Придя из школы, он не сказал маме ни слова. Мрачно отшвырнув тарелку с обедом, ушел в чулан и там намочил в бочке с кислой капустой конопляную коровью веревку. Отчиму было известно, что, пропитанная капустным рассолом, она невыносимо жжет рассеченную кожу. Бог его знает, где он почерпнул эти «педагогические» познания. Видимо, и его воспитывали подобным же образом.
Когда Богоушек объявился дома, отец без единого слова сгреб его в охапку. Только бледное до синевы лицо отчима, чего не смог скрыть даже загар, да упорно убегающий к переносице глаз свидетельствовали о его чрезвычайном волнении.
У мамы расширились глаза и кастрюлька выскользнула из рук.
Сердце мое колотилось намного быстрее, чем если бы наказание ждало меня. Мокрая веревка в руке отчима казалась мне телом зловещего змея, и меня охватило предчувствие беды, даже для нашей семейки необычайной и жуткой.
— Беги!!! — заорал я в отчаянии Богоушеку. Но братик непонимающе озирался вокруг. Белокурый, невинный и красивый, в маму, он глядел на нее, а мама на него. А на них обоих, но только все понимая, во все глаза смотрел я.
Отчим рванул Богоушека к дверям, и они исчезли.
Мы с мамой уставились друг на друга, не способные ни выдавить слова, ни сдвинуться с места. Вдруг со двора послышался отчаянный вопль Богоушека.
Мы с мамой кинулись из дому.
Богоушек визжал высоким, болезненным голосом, и кровь стыла в жилах от этого звериного воя. Он не успел закалиться, мой младший братик, не прошел моей «индейской школы». Это было первое в его жизни наказание. Учитывая степень накала и безумие, охватившее отчима, последствия для правонарушителя вполне могли оказаться непредсказуемыми.
Вопли доносились из сарая, где заперся отчим с Богоушеком. Мама молотила кулачками в ворота и кричала:
— КШЫШТОФ!!! КШЫШТОФ!!! РАДИ БОГА СВЯТОГО, КШЫШТОФ!!!
Я уперся в ворота плечом, ржавая петля поддалась. Богоушек лежал на току. Извиваясь от боли, он судорожно сучил ногами, которые уже покрылись кровавыми рубцами, и уже не кричал, а лишь хрипел. От боли он обмочил штанишки.

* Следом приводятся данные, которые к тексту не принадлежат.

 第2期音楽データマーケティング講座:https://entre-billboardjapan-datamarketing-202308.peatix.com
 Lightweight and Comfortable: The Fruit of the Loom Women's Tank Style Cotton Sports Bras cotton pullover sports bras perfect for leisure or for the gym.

А отчим все сек и сек своего сына точными, сильными ударами, посвистывая волосатыми ноздрями, уже не отдавая себе ни в чем отчета.

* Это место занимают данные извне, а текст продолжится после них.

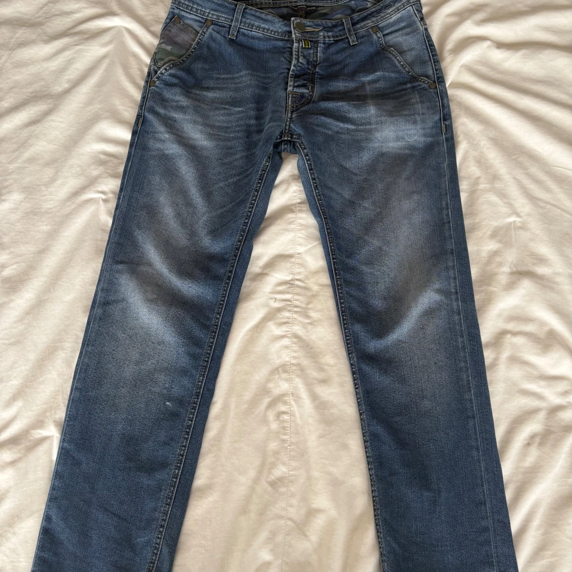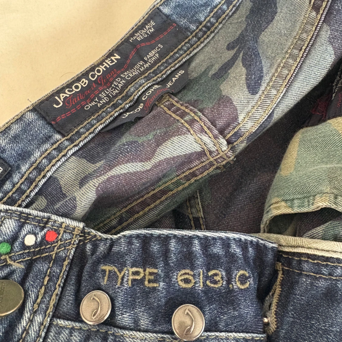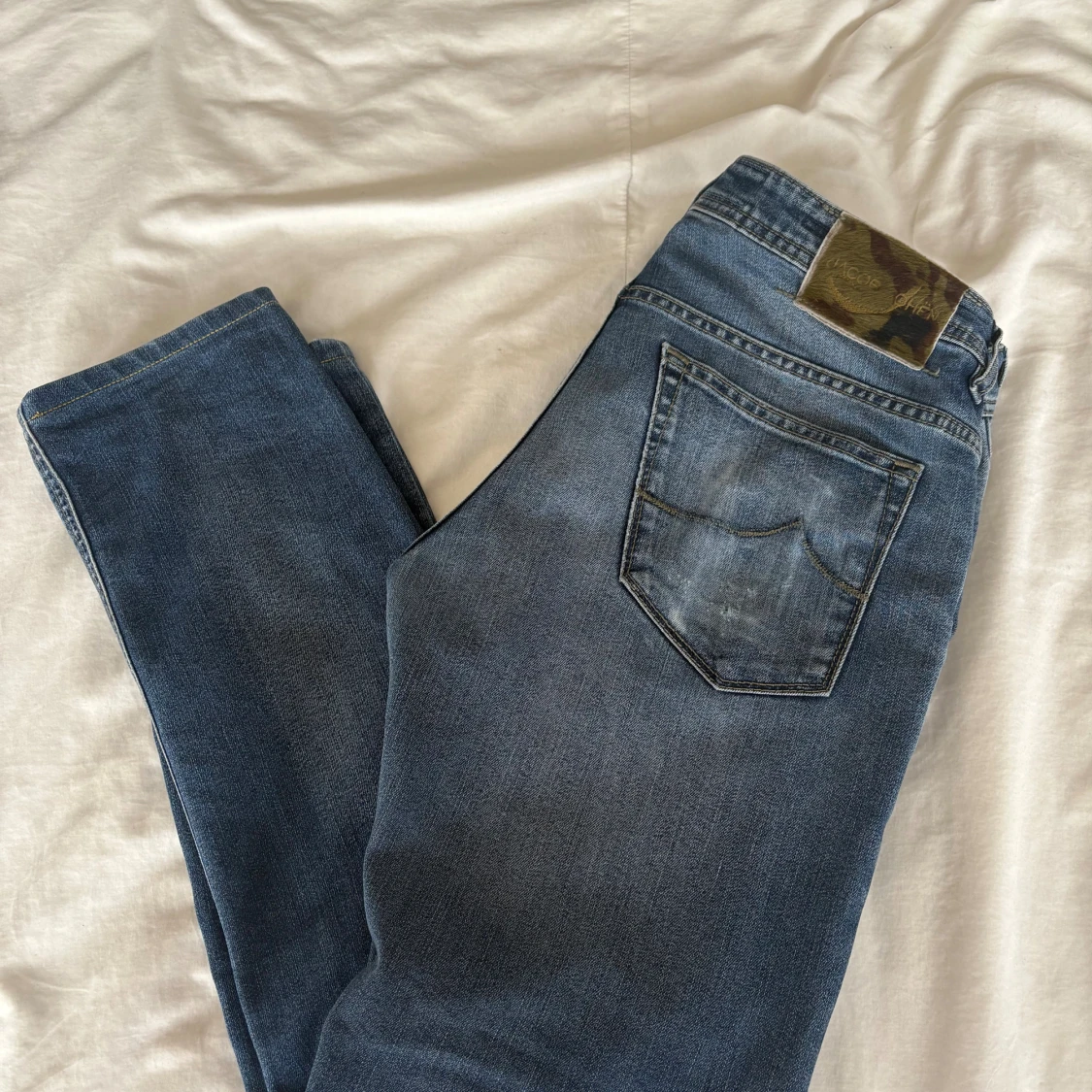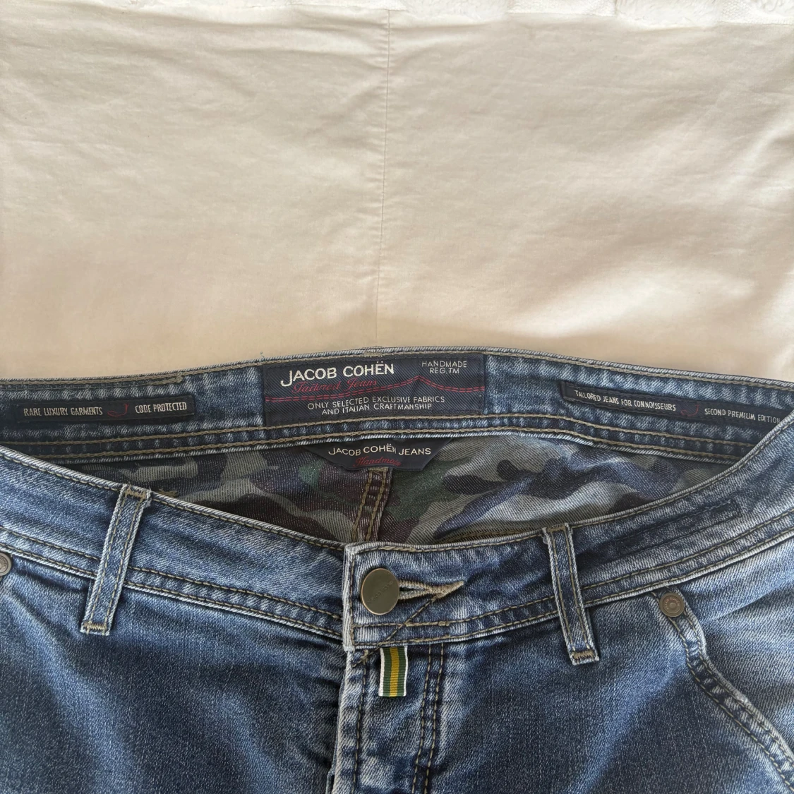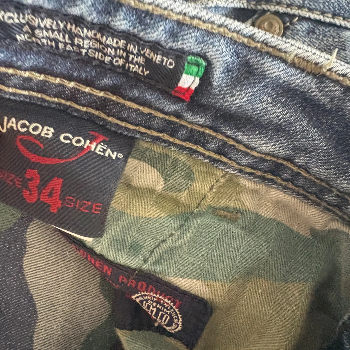Snygga blå jeans från Jacob Cohen i klassisk straight fit. Jeansen har coola camouflage-detaljer på insidan av midjan och bakre patchen. Tillverkade i mjukt bomullsmaterial med slitningar för en avslappnad look. Perfekt för dig som gillar exklusiva och unika jeans. Passar w32

В этот момент я испытывал к нему неукротимую детскую ненависть. Я поглядел на маму. Любая другая женщина бросилась бы на мучителя своего ребенка и выцарапала ему глаза. Но мама не была борцом. Кусая кулачки, она застыла на месте. Из ее широко распахнутых глаз градом катились слезы.
Мне не оставалось ничего иного, как самому восстановить справедливость.
У меня в тайничке был припрятан топорик, который за пару украденных яиц я выменял у Йозифека Бечвара, скорее любителя бродяжничества, нежели охочего пожить на природе. Это был отличный топорик — с рукояткой, украшенной медными кнопочками и витиеватой поковкой. Я долго верил Йозефику, будто это настоящий индейский томагавк. От неустанной точки топорик стал острым как бритва. Я умел обращаться с томагавком, упражнялся долгими часами на пастбище в бросках. Топорик уверенно входил на три пальца в глубину елового бревна.
Я перемахнул через загородку и вынырнул с оружием в руке.
Я уже был не безотцовщиной, живущей постоянно под страхом избиения. Я был Летящим Облаком, мстящим за несправедливость.